#### To do:
The whole listing below, with no pictures, is to be repeated as it stands.

#####

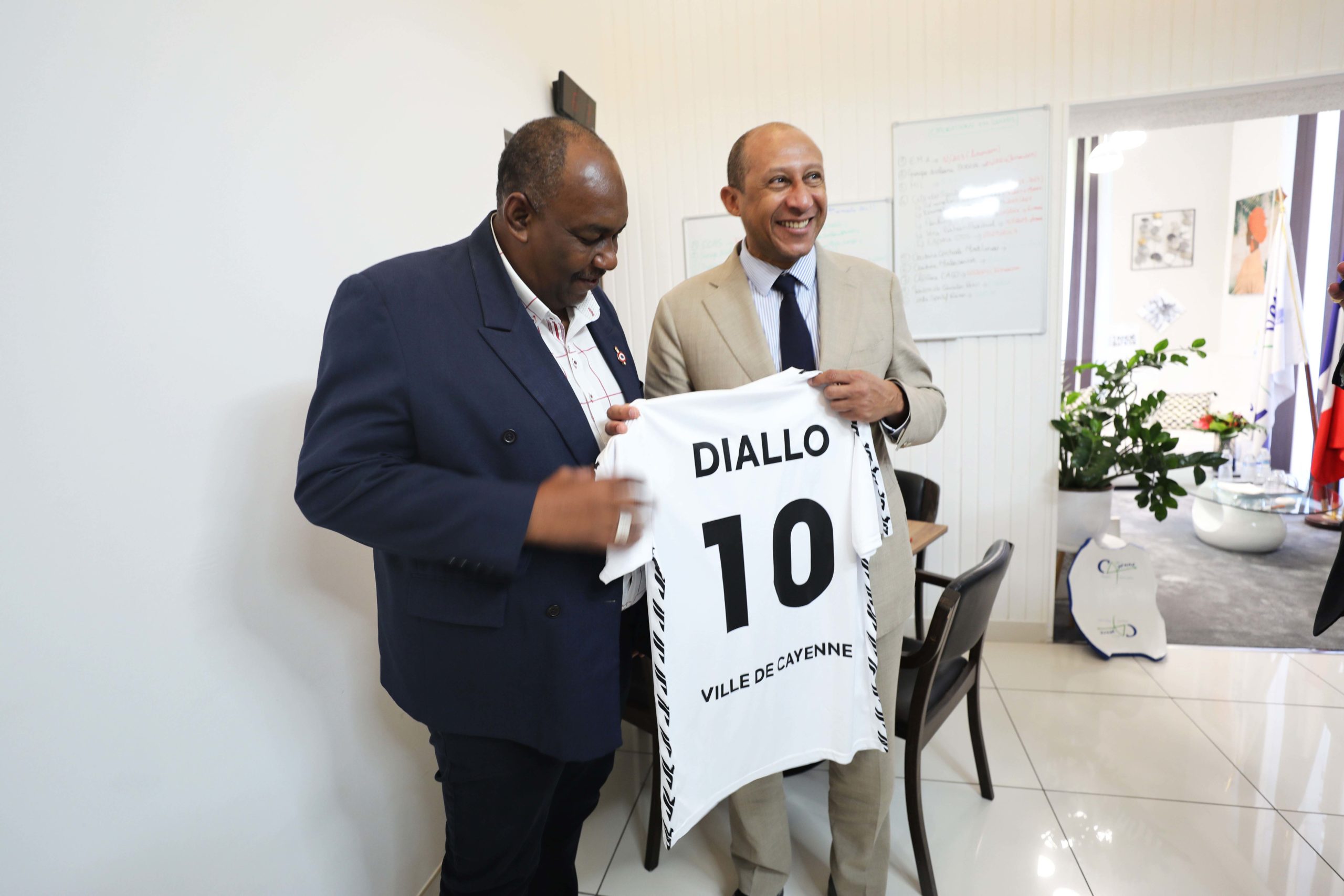 professionnalisation des cadres et le déblocage d’une enveloppe conséquente par le biais du Fond d’aide au football amateur ».M. Christian FAUBERT au nom de Sandra TROCHIMARA, Maire de la ville de Cayenne et de son conseil municipal a remis la médaille de la ville à Philippe DIALLO et symboliquement, un équipement sportif aux couleurs de la ville, ainsi qu’un maillot au nom du Président, confectionné par un industriel guyanais, Flexible.
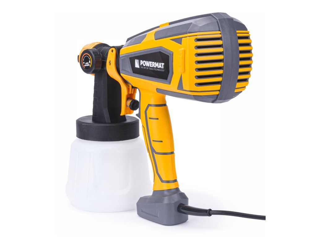 Pištolj HVLP za bojenje marke POWERMAT opremljen je izdržljivim i snažnim motorom snage 600 W, što ga čini neophodnim alatom za kućnu upotrebu.
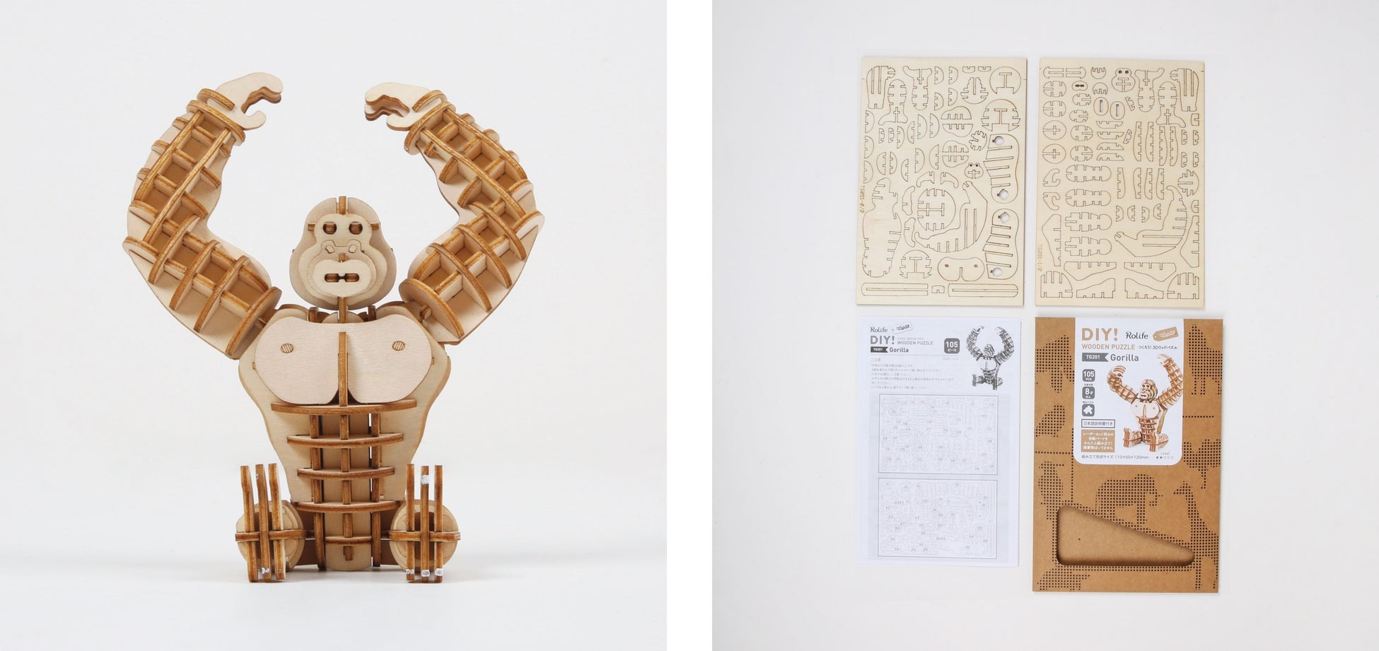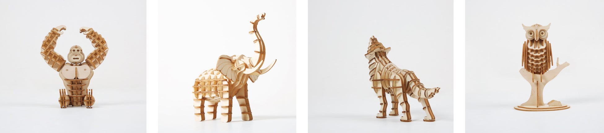 どうぶつシリーズは、一番パーツ数が少ないもので33ピース、多いものでも105ピースと、つくるんですシリーズの中ではパーツ数が少なめです。1時間半ほどでつくることができ、お子さまでも挑戦しやすいウッドパズルです。
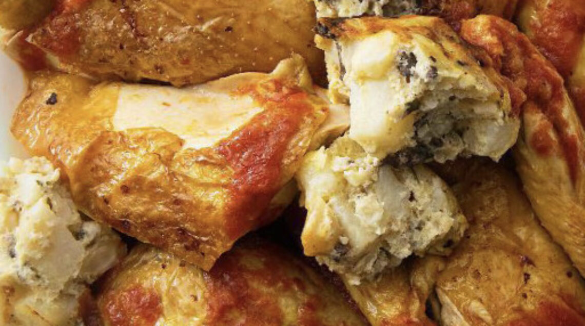 2 Tritate le mandorle e il prezzemolo ben lavato e mecolateli con la mollica sbriciolata, le uova sbattute, le interiora e il grana; impastate bene il tutto e salate se necessario. Lavate il pollo dentro e fuori, asciugatelo con carta da cucina, salatelo internamente, riempitelo con il ripieno; quindi cucite l'apertura con ago e filo da cucina.
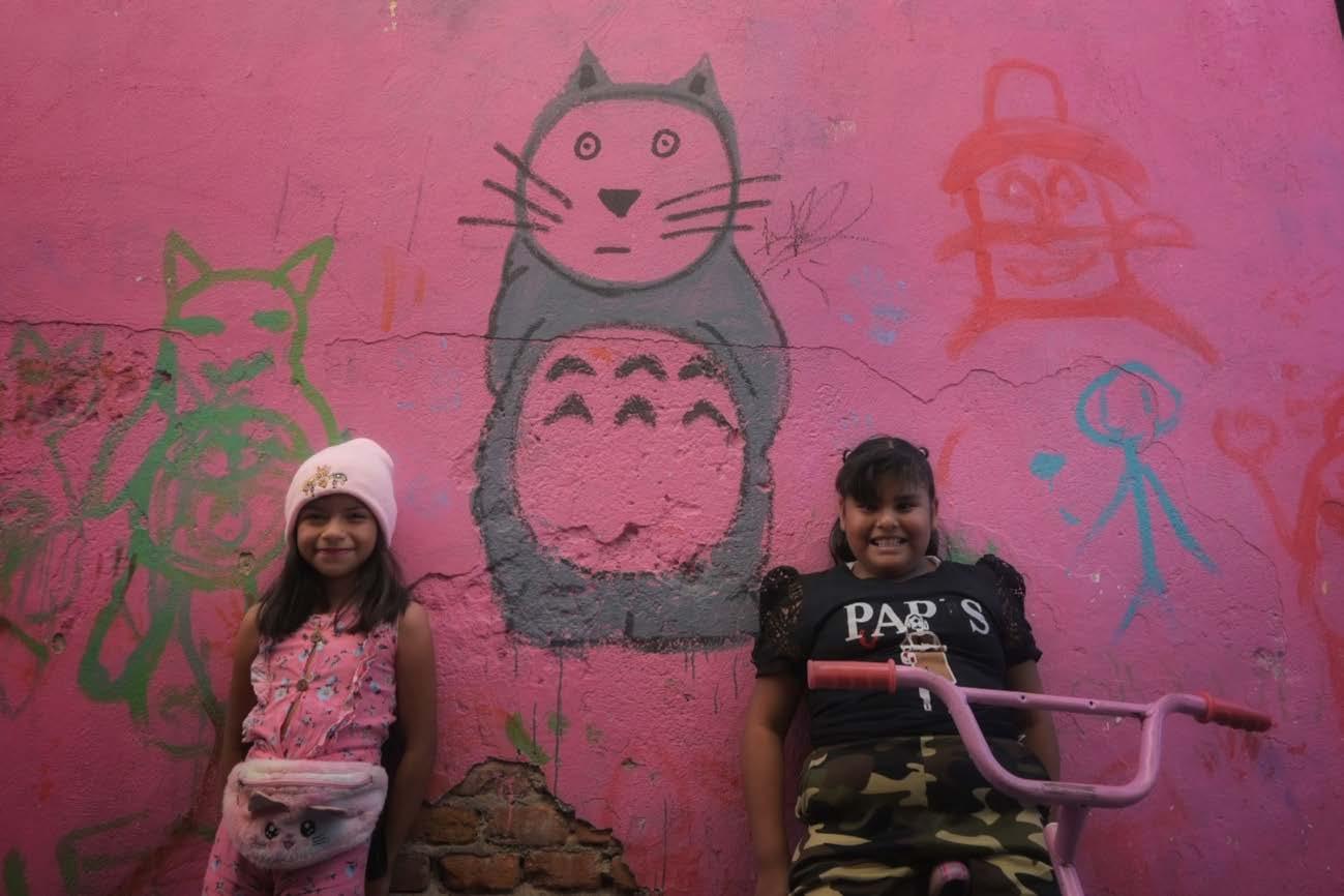 Las fotografías que presento aquí provienen de distintos procesos: algunos profundamente personales, otros guiados por la curiosidad. Aparecen objetos cotidianos de la cultura mexicana, encuentros con personajes de una ciudad viva y palpitante, y personas que me comparten fragmentos de sus historias. Como en la imagen Infancia y territorio, donde las niñas me hablan de su mural y, después, me piden la cámara para retratarme ellas mismas.
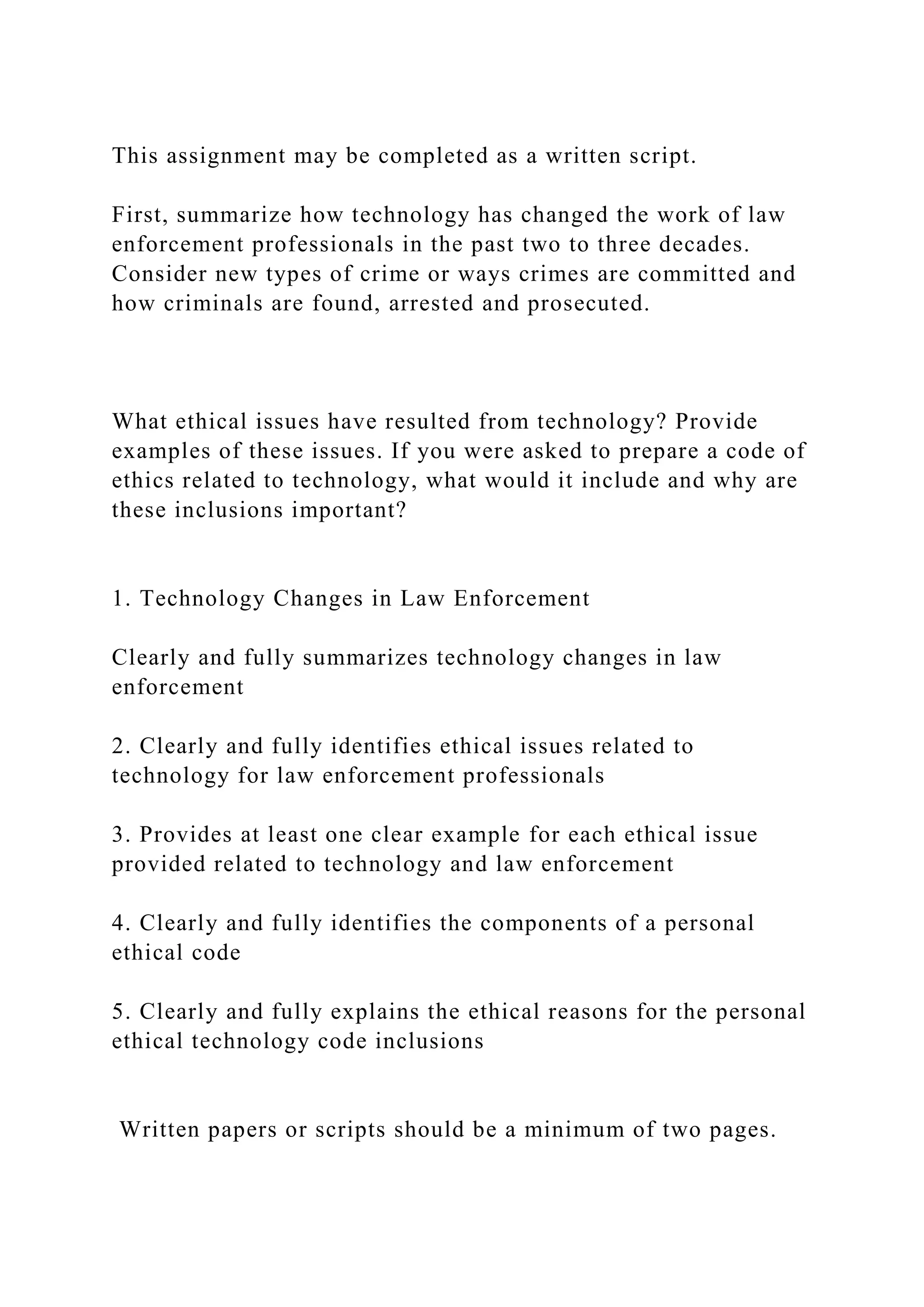 The assignment requires an exploration of how technology has transformed law enforcement over the past few decades, including new crime types and methods for solving crimes. It also calls for a discussion of ethical issues arising from these technological advancements, along with examples, and the creation of a personal code of ethics addressing these concerns. The paper should be comprehensive, spanning at least two pages, covering technological impacts, ethical dilemmas, and the rationale behind ethical guidelines.
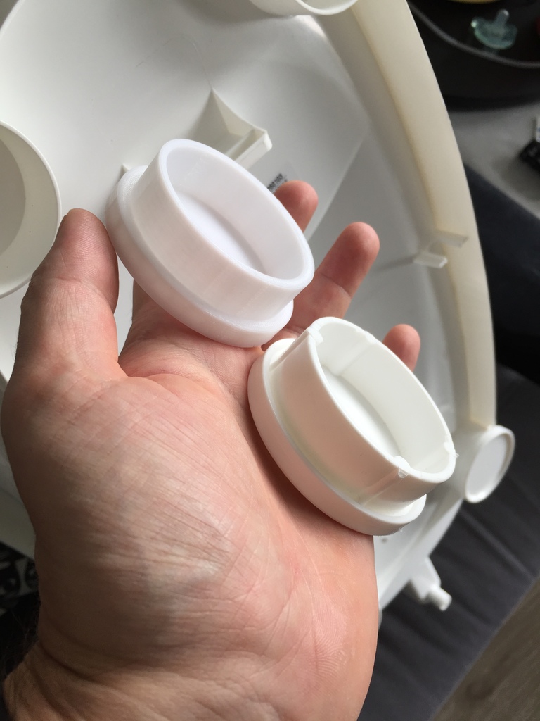 Chân cho bồn tắm em bé BÉBÉ-JOU. Mình bỏ phần tròn giữ nó trên cái cũ ra và dán bằng keo nến cho chắc ăn. Dùng máy in Creality Ender 3, hỗ trợ in, độ phân giải .3, ruột 15. Thiết kế bằng Tinkercad.
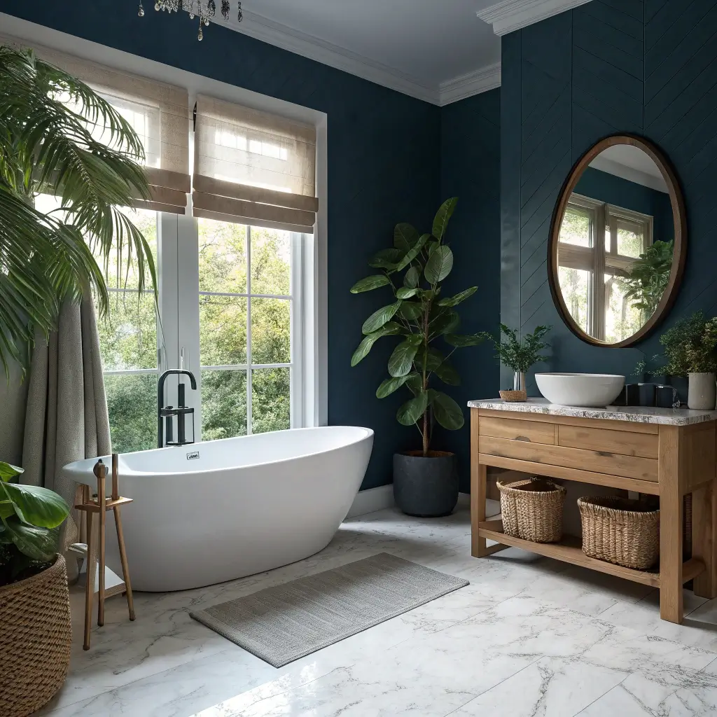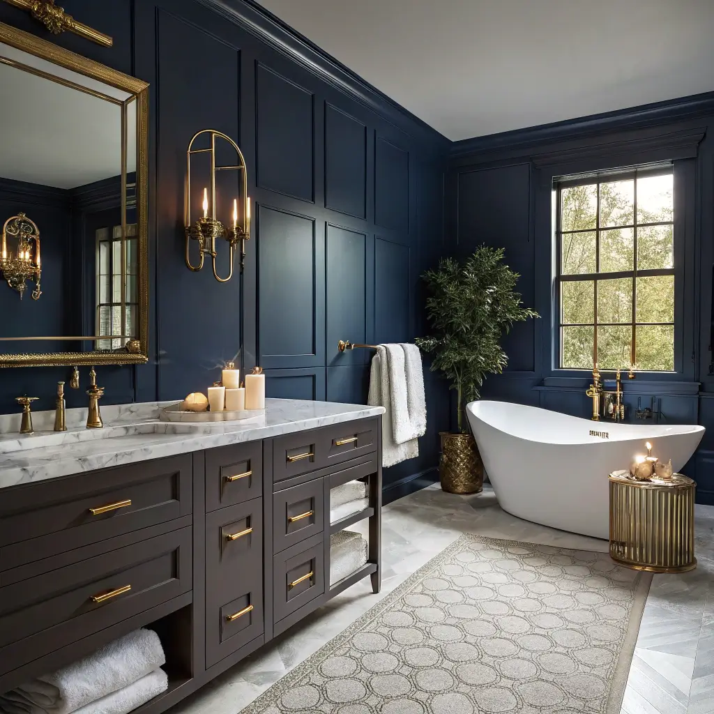 The key to nailing this look lies in balance. You don’t want your bathroom to feel like a cave (unless you’re into that, no judgment). Instead, think of midnight blue as your anchor color while incorporating softer elements that keep things light and breathable.
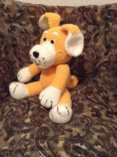 Собачка просто невероятная получилась, такая желтая, позитивная, мне очень нравится!
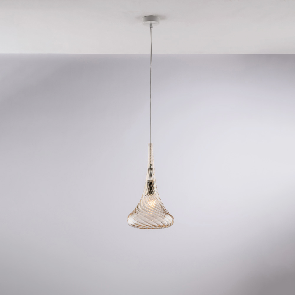 Available in Transparent , Amber , or Grey finishes, this pendant light easily adapts to a variety of furnishing contexts: bright and minimalist in the transparent version, warm and enveloping in amber, understated and elegant in grey. It is ideal for kitchens , islands , dining tables , hallways , reading corners , and designer contract spaces , whether used individually or in compositions.
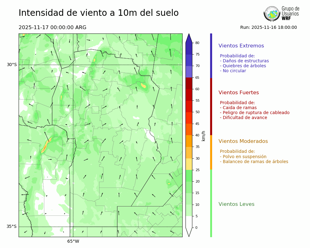 • Intensidad máxima: 8.29 km/h (17/11/2025 04hs.)
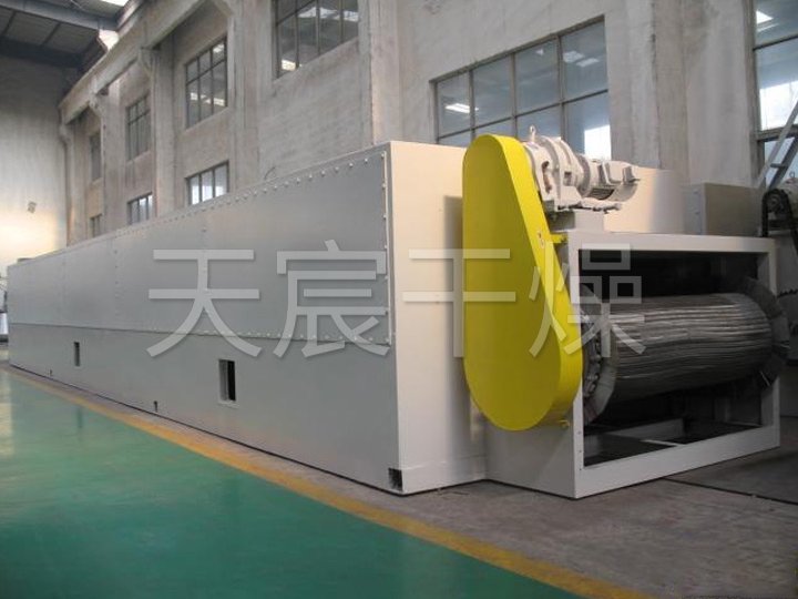 整(zhěng)個生產線為全封閉型(對物料而言),由擺動(dòng)布料段、幹燥段、出料段三(sān)部分組成。擺動布料段作用使海藻均勻(yún)分散在網板上,並且勻速輸送到幹燥段,海藻經過80℃熱風幹燥(zào)段,90℃熱風幹燥段和120℃熱風幹燥段(duàn)後,再經過出料段排(pái)料。循環風向及各單元內風的循環為向下式,即加熱後的空氣由引(yǐn)風(fēng)機吸入,在風機出(chū)風口首(shǒu)先預分布再經過孔板均風後,熱(rè)風從物料的下麵向(xiàng)上(或從物料的上麵向下)穿透物料層(céng)。
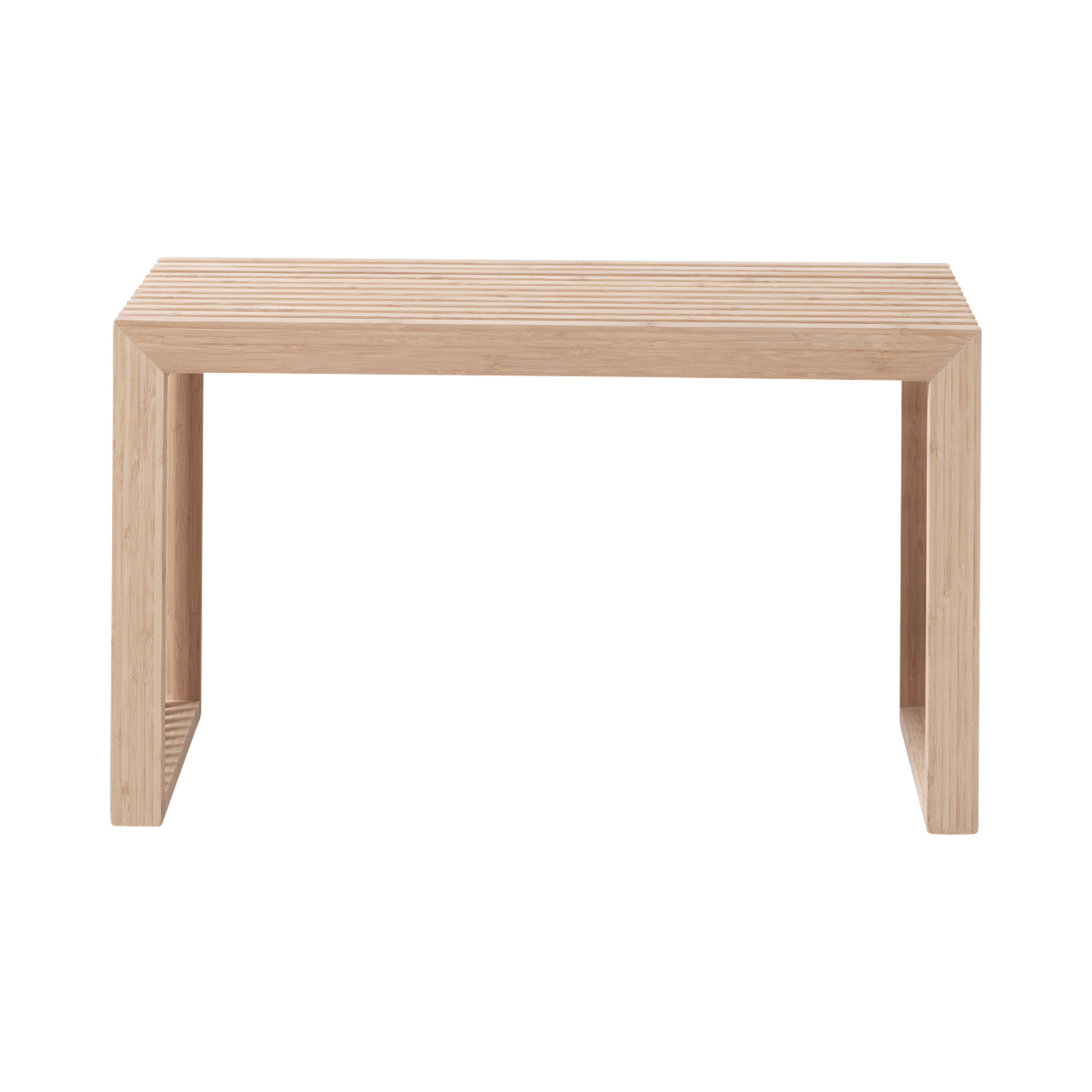 Graphic simplicity in a light format. The short Rib bench in bamboo is designed to fit anywhere – as an extra seat, a small table, or a decorative detail in the interior.

#####

#### Result of this exercise:
 professionnalisation des cadres et le déblocage d’une enveloppe conséquente par le biais du Fond d’aide au football amateur ».M. Christian FAUBERT au nom de Sandra TROCHIMARA, Maire de la ville de Cayenne et de son conseil municipal a remis la médaille de la ville à Philippe DIALLO et symboliquement, un équipement sportif aux couleurs de la ville, ainsi qu’un maillot au nom du Président, confectionné par un industriel guyanais, Flexible.
 Pištolj HVLP za bojenje marke POWERMAT opremljen je izdržljivim i snažnim motorom snage 600 W, što ga čini neophodnim alatom za kućnu upotrebu.
 どうぶつシリーズは、一番パーツ数が少ないもので33ピース、多いものでも105ピースと、つくるんですシリーズの中ではパーツ数が少なめです。1時間半ほどでつくることができ、お子さまでも挑戦しやすいウッドパズルです。
 2 Tritate le mandorle e il prezzemolo ben lavato e mecolateli con la mollica sbriciolata, le uova sbattute, le interiora e il grana; impastate bene il tutto e salate se necessario. Lavate il pollo dentro e fuori, asciugatelo con carta da cucina, salatelo internamente, riempitelo con il ripieno; quindi cucite l'apertura con ago e filo da cucina.
 Las fotografías que presento aquí provienen de distintos procesos: algunos profundamente personales, otros guiados por la curiosidad. Aparecen objetos cotidianos de la cultura mexicana, encuentros con personajes de una ciudad viva y palpitante, y personas que me comparten fragmentos de sus historias. Como en la imagen Infancia y territorio, donde las niñas me hablan de su mural y, después, me piden la cámara para retratarme ellas mismas.
 The assignment requires an exploration of how technology has transformed law enforcement over the past few decades, including new crime types and methods for solving crimes. It also calls for a discussion of ethical issues arising from these technological advancements, along with examples, and the creation of a personal code of ethics addressing these concerns. The paper should be comprehensive, spanning at least two pages, covering technological impacts, ethical dilemmas, and the rationale behind ethical guidelines.
 Chân cho bồn tắm em bé BÉBÉ-JOU. Mình bỏ phần tròn giữ nó trên cái cũ ra và dán bằng keo nến cho chắc ăn. Dùng máy in Creality Ender 3, hỗ trợ in, độ phân giải .3, ruột 15. Thiết kế bằng Tinkercad.
 The key to nailing this look lies in balance. You don’t want your bathroom to feel like a cave (unless you’re into that, no judgment). Instead, think of midnight blue as your anchor color while incorporating softer elements that keep things light and breathable.
 Собачка просто невероятная получилась, такая желтая, позитивная, мне очень нравится!
 Available in Transparent , Amber , or Grey finishes, this pendant light easily adapts to a variety of furnishing contexts: bright and minimalist in the transparent version, warm and enveloping in amber, understated and elegant in grey. It is ideal for kitchens , islands , dining tables , hallways , reading corners , and designer contract spaces , whether used individually or in compositions.
 • Intensidad máxima: 8.29 km/h (17/11/2025 04hs.)
 整(zhěng)個生產線為全封閉型(對物料而言),由擺動(dòng)布料段、幹燥段、出料段三(sān)部分組成。擺動布料段作用使海藻均勻(yún)分散在網板上,並且勻速輸送到幹燥段,海藻經過80℃熱風幹燥(zào)段,90℃熱風幹燥段和120℃熱風幹燥段(duàn)後,再經過出料段排(pái)料。循環風向及各單元內風的循環為向下式,即加熱後的空氣由引(yǐn)風(fēng)機吸入,在風機出(chū)風口首(shǒu)先預分布再經過孔板均風後,熱(rè)風從物料的下麵向(xiàng)上(或從物料的上麵向下)穿透物料層(céng)。
 Graphic simplicity in a light format. The short Rib bench in bamboo is designed to fit anywhere – as an extra seat, a small table, or a decorative detail in the interior.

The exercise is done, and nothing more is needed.